Fiber optic cables have been used to replace standard coaxial or copper-based connections in communication networks. Fiber optic cables typically use glass or plastic to propagate light through a network. Specialized transmitters and receivers utilize the propagating light to send data through the fiber optic cables from one device to another. Fiber optic cables are especially advantageous for long-distance communications, because light propagates through the fibers with little attenuation as compared to electrical cables. This allows long distances to be spanned with few repeaters, thereby reducing the cost of a communication network.
In fiber-optic communications, wavelength-division multiplexing (WDM) is a technology that multiplexes multiple optical carrier signals on a single optical fiber by using different wavelengths of light to carry the different signals. In this way, WDM allows for a multiplication in capacity.

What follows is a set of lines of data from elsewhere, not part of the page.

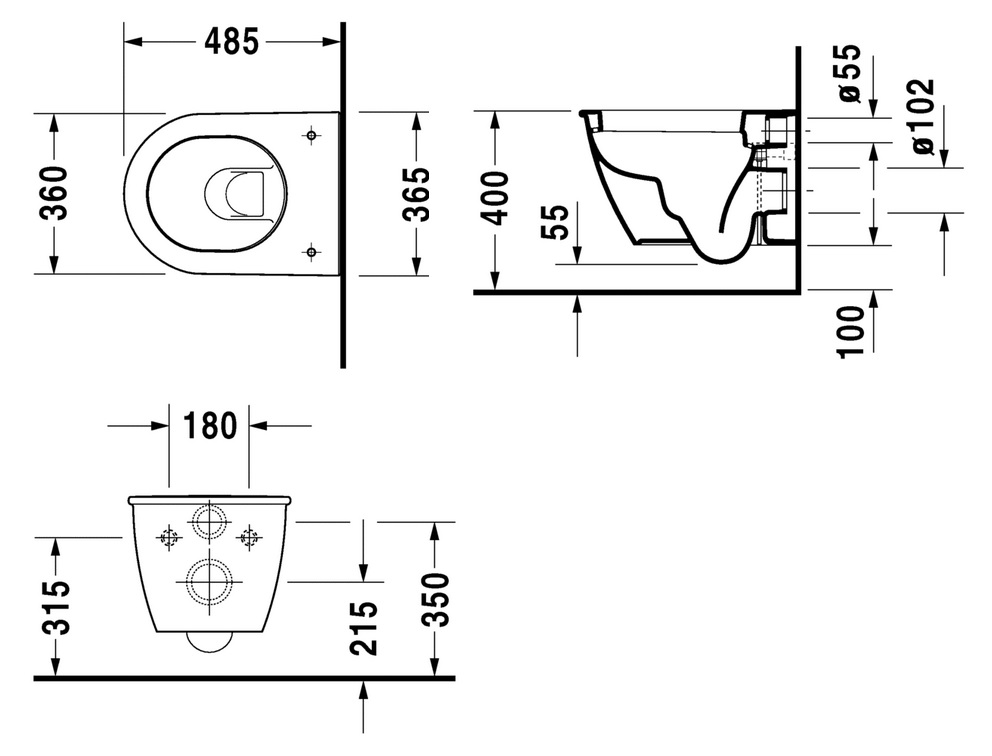 Man kan fint bruge dette væghængte toilet på en eksisterende indbygningscisterne. Man skal blot sikre, at boltafstanden (se måltegning) er den samme som på den skål der er monteret i forvejen.
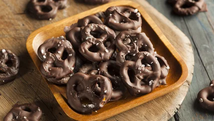 If you are going to add some sweet or savory garnishes to your chocolate-covered pretzels, Kitchn recommends working in batches of 10 so the chocolate doesn't harden before all those delicious add-ons can adhere to the pretzel.
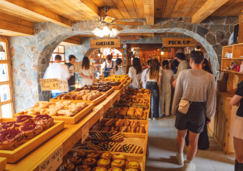 왓어브레드 용산점은 이촌시장에서 조금 떨어진 용산역 근처에 위치하고 있으며, '놀라운 토요일'을 통해 독특한 메뉴인 '인절미쿠루찌'로 큰 인기를 얻었습니다. 쿠루찌는 '크로아상'과 '모찌(찹쌀떡)'를 합친 신조어로, 겉은 크로아상처럼 바삭하지만, 한입 베어 물면 찹쌀 모찌의 쫄깃함이 쫙 늘어나는 반전 매력의 디저트입니다. 그중에서도 한국적인 맛을 더한 인절미쿠루찌는 콩가루의 고소함과 찹쌀의 쫄깃함, 크로아상의 버터 풍미가 완벽하게 조화를 이루며 남녀노소 모두의 입맛을 사로잡았습니다.
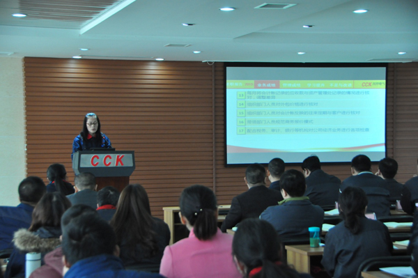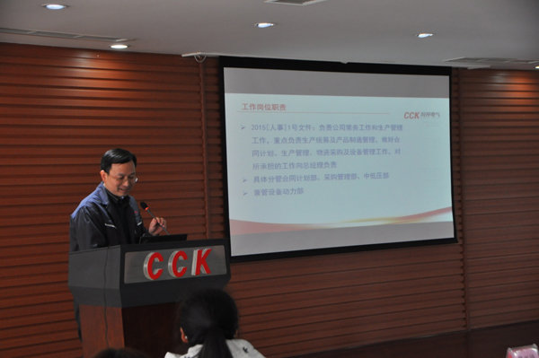 简董致辞之后,会议正式开始。川开电气有限公司高、中层干部依次开展2015年工作总结报告,结合本职工作,从2015年工作亮点、不足,以及对2016年的工作计划三个方面进行了个人及所在部门的深度剖析和总结。
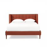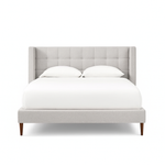The Aspen Upholstered Bed features a stitched tufted wingback headboard that adds refined, tailored texture, bringing elegance to any modern bedroom. Thickly padded and tightly upholstered on all sides in your choice of luxurious velvet or soft fabric, the Aspen perfectly balances comfort with contemporary design. A sturdy solid wood frame and wooden base ensure lasting durability and dependable support, while the fully upholstered sides create a cohesive, grounded silhouette.
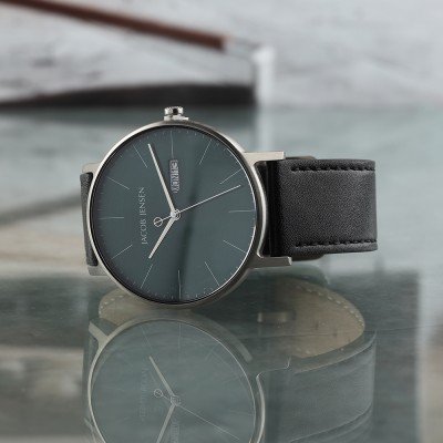 Este reloj marca Jacob Jensen tiene una caja de Titanio con un diámetro de 40 mm y cuenta con una correa de piel. Dentro de la caja se encuentra un mecanismo de Miyota de alta calidad el cual esta protegido por un cristal Zafiro.
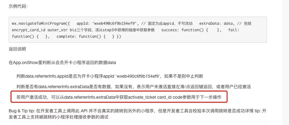 因为开完卡后直接跳到会员卡展示页面,我还以为开完后直接跳回我自己的小程序呢,要这样说来,不能获取到倒是真的奇怪,但现在看来,我要自己手动一步一步的返回自己的小程序,不能获取到貌似也很合理,但是文档这么写,即便我真的获取不到也不好反驳啊。
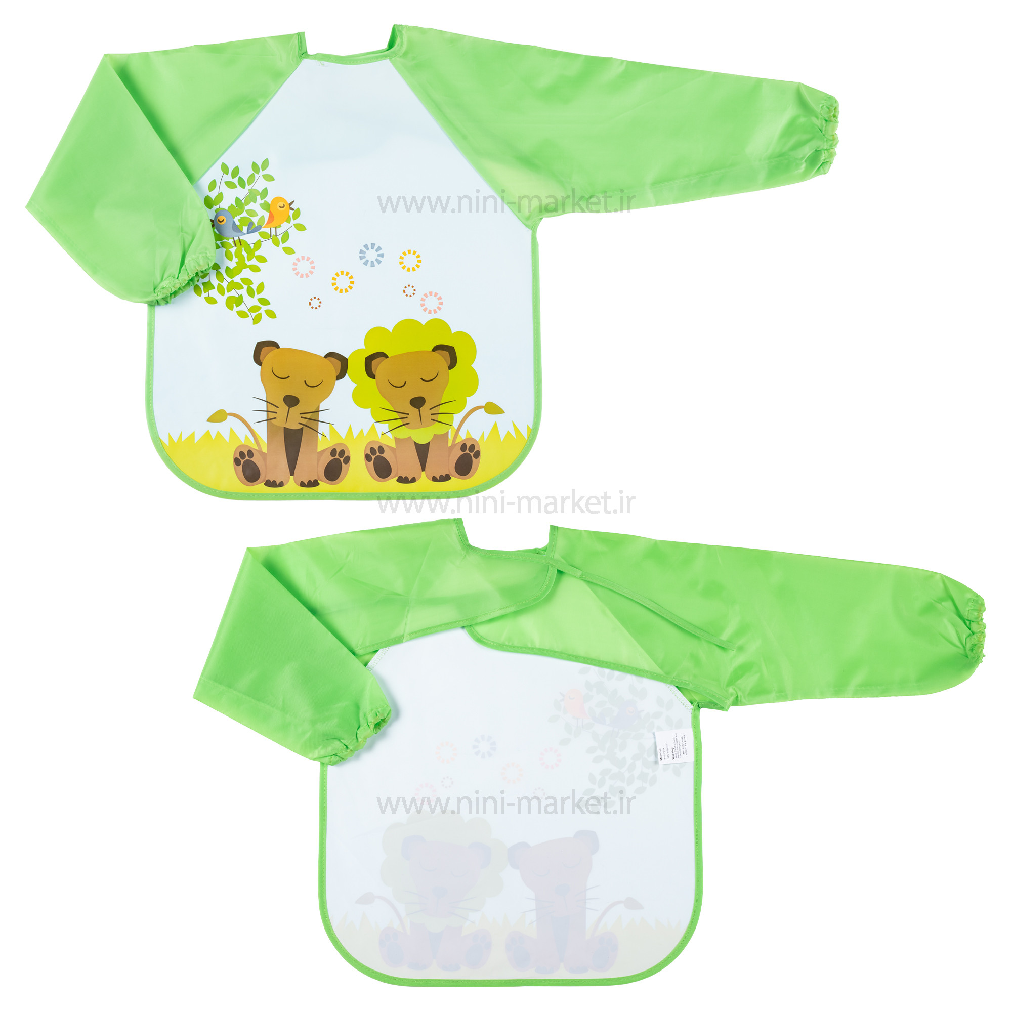 پیشبند غذاخوری آستین دار طرح شیر رنگ سبز برند خارجی
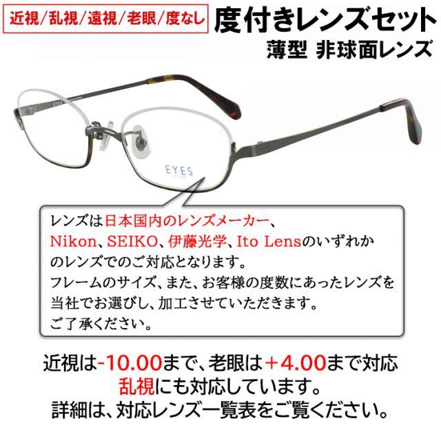 | 商品詳細 度付き メガネ 近視 老眼 遠視 乱視 度なし だて メンズ レディース 男女兼用のユニセックスモデル スタイリッシュで、おしゃれな、アンダーリム 逆ナイロールタイプの スクエアシェイプのメガネフレーム 鼻パッドは調整可能なクリングス鼻パッドを採用! レンズはUVカット標準仕様で、傷つきにくいマルチハードコートの高品質な非球面薄型レンズとなっています。 近視 度数は-10.00まで、老眼度数は+4.00まで対応。 乱視にも対応しています。度なしの伊達メガネも対応。 詳細は、対応レンズ 一覧表をご覧ください。 | |
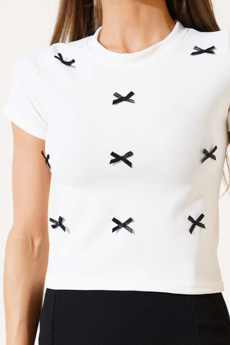 Kurdele Süslemeli Kısa Kol Crop Beyaz

A WDM system typically uses a multiplexer to join multiple optical carrier signals together at a transmitter, and a demultiplexer at the receiver to split the multiplexed signal into its original optical carrier signals. WDM systems are generally broken into three different wavelength patterns: conventional, coarse and dense.
Conventional WDM systems employ channel spacing on the order of 400 MHz and typically use wavelengths in the “C” band between 1530 and 1565 nm (see Table 1 below). The channel spacing, however, restricted the number of multiplexed wavelengths to between 8 and 16.
Dense Wave Division Multiplexing (DWDM) also refers to optical signals multiplexed within the 1530-1565 nm “C” band, but with much closer channel spacing and, therefore, the ability to multiplex additional optical channels. 100 GHz spacing, resulting in 40 channels, and 50 GHz channel spacing, resulting in 80 channels in the “C” band, are both common for DWDM systems, with some DWDM systems supporting alternative channel spacing such as 25 GHz.
Alternatively, coarse WDM (CWDM) systems use the entire frequency band from 1260 to 1675 nm with 20 nm channel spacing, thereby resulting in lower cost and less sophisticated transceiver designs.
Table 1 provides a list of band designations specified by the International Telecommunication Union for the main transmission regions of fiber optic cables and the wavelength ranges covered by each transmission region. Typically, DWDM falls into the 1530-1565 nm range, however, advances in materials and construction methods for optical fibers has increased this range to nearly the entire range of main transmission regions, i.e., 1260-1675 nm.
As both communication systems grow and fiber optic systems become more integrated into standard communications, the speed, and resultant cost, of individual network components is also growing. Huge investments must be made by telecommunication companies to keep up with consumer demand as well as technological developments. As a result, telecommunication companies as well as businesses running their own communication networks would benefit greatly from network components with reduced size, weight, cost and power requirements. However, development has progressed slowly in this area. Instead, network components are simply made bigger and heavier, and consume more power in the pursuit of supplying higher bandwidth.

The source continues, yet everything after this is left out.